If you don't have the time to learn the few linux commands, then you need Weaknees or a similar plug n play hard drive.


----------



## irregularjoe (Mar 6, 2005)

The Flush said:


> If you don't have the time to learn the few linux commands, then you need Weaknees or a similar plug n play hard drive.


 I though it was a lot more than a few commands. That I can do.
Now what's the advantages?


----------



## litzdog911 (Oct 18, 2002)

PTVUpgrade's InstantCake utility is an easy way to upgrade using any larger IDE hard drive ...
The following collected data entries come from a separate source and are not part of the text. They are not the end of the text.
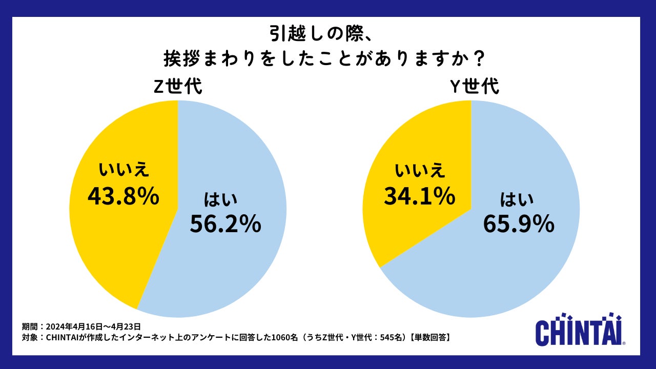 引越し経験者に「引越しの際、挨拶まわりをしたことがありますか」と聞いたところ、「はい」と回答した人がZ世代56.2%、Y世代65.9%という結果となりました。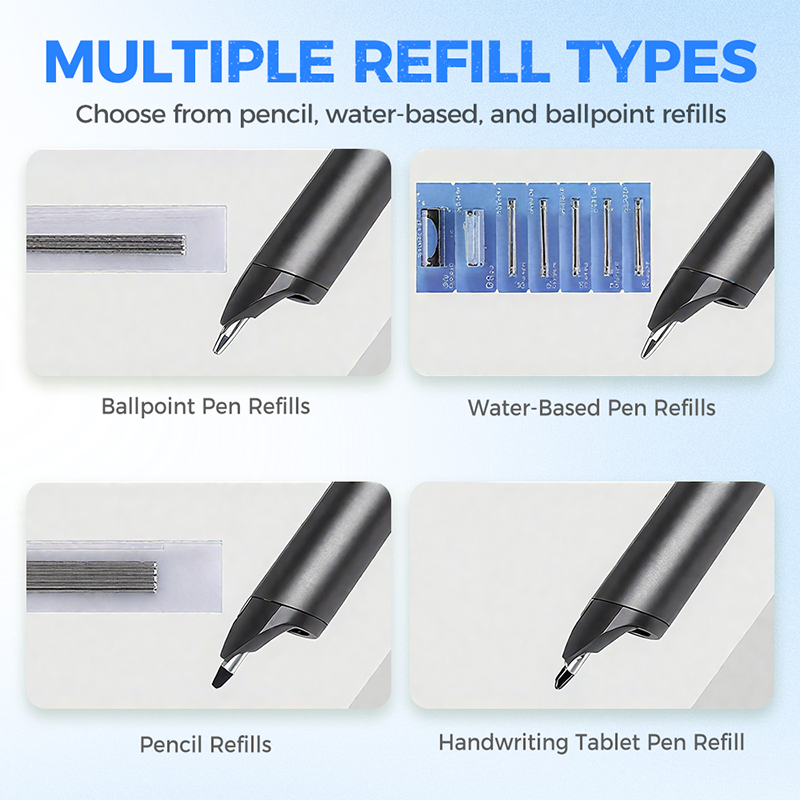 DIVERSE OPZIONI DI RICARICA – 5 ricariche per matita, 10 ricariche a inchiostro a base d’acqua, 3 ricariche a sfera e 1 ricarica per tablet di scrittura. Perfette per scrivere, disegnare o fare schizzi: ogni opzione è progettata per una compatibilità impeccabile con la tua penna intelligente.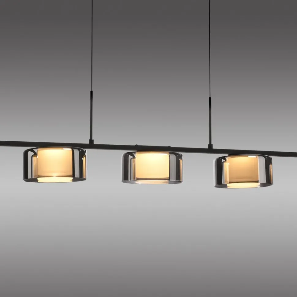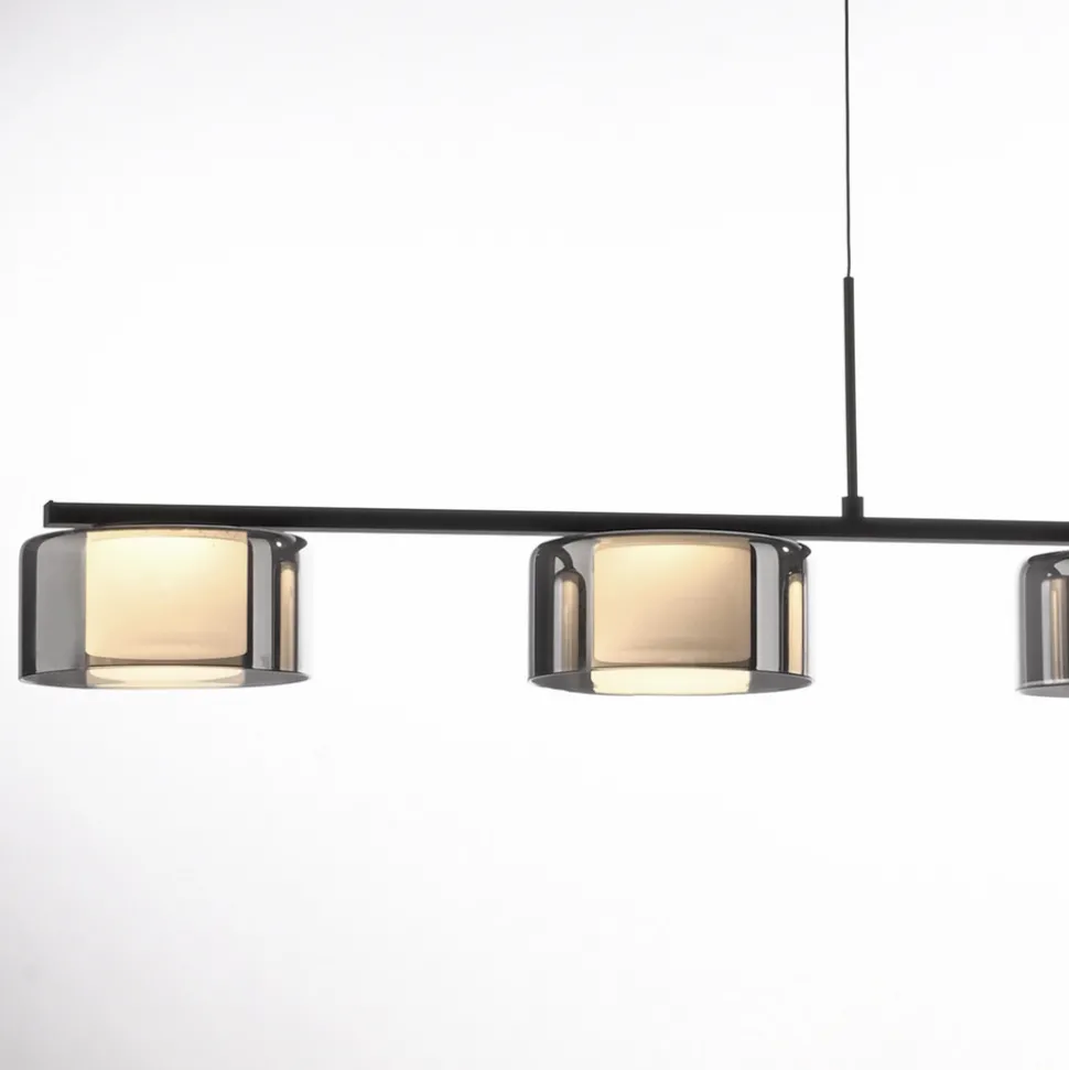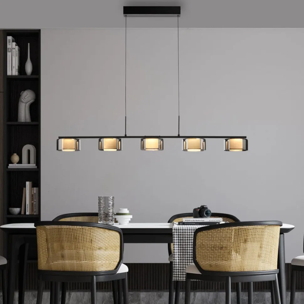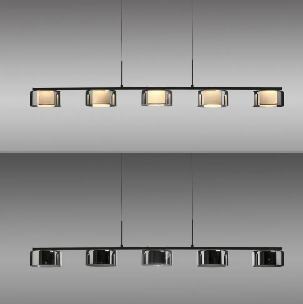 Rika LED-hengelampe i glass med Comfort-Lift- og SimplyDim-teknologi Den svarte LED-hengelampen imponerer med sin moderne, enkle design. Takket være de fem lampeskjermene i røkt glass og de varmhvite LED-pærene avgir lampen et mykt lys som skaper en innbydende atmosfære over spisebordet. Comfort-Lift-funksjonen gjør det enkelt å justere høyden. Takket være mekanismen som er innebygd i baldakinen, er irriterende motvekter ikke lenger et problem. Høydejusteringssystemet gjør det raskt og enkelt for deg å tilpasse høyden på lampen fleksibelt til ditt boareal. Pendellampen er også utstyrt med SimplyDim-teknologi. Denne funksjonen gjør at du enkelt kan dimme lysintensiteten til armaturen ved hjelp av den eksisterende lysbryteren. Dimmerteknologien styrer lysstyrken via bryterimpulsen, slik at lyset kan dimmes trinnløst fra 100 % og ned til 10 % av lysintensiteten. Hvis lyset slås på igjen mindre enn 3 sekunder etter at det ble slått av, starter dimmeprosessen. Når den har nådd den lyseste (100 %) eller mørkeste verdien (10 %), blir den stående på denne innstillingen i ca. 2 sekunder før prosessen starter på nytt. Hvis lyset lyser med ønsket lysstyrke under en prosess, kan du lagre lysintensiteten ved å slå av lyset. Hvis du slår på lyset igjen, lyser lyset med den lagrede lysstyrken, og denne innstillingen beholdes. Det gjør det mulig å justere lyset etter behov og raskt hente det frem igjen. Plasser pendellampen over spisebordet og skap en koselig atmosfære i rommet.

http://www.ptvupgrade.com/products/instantcake/

Check out Weaknees' step-by-step upgrade instructions in the thread at the top of this forum if you want to use the free linux-based MFS Tools to upgrade your own hard drive.


----------



## bldxyz (Feb 8, 2002)

irregularjoe said:


> I though it was a lot more than a few commands. That I can do.
> Now what's the advantages?


Try looking through These instructions and see if you have the appetite.


----------



## irregularjoe (Mar 6, 2005)

Thanks for all the links!

Now does anyone have any comments as to what the Weaknees harddrive advantages are ? I'm referring to the actual hardware.


----------



## The Flush (Aug 3, 2005)

The Weaknees hard drives have the Tivo software pre-installed, so there is no installing in your PC and no Linux; just pop in your Tivo and you are ready to go.


----------



## irregularjoe (Mar 6, 2005)

Thanks for the reply.
So that's the only difference?
I thought I saw somewhere that there was some hardware difference that made their HD's more suitable to Tivo type use.


----------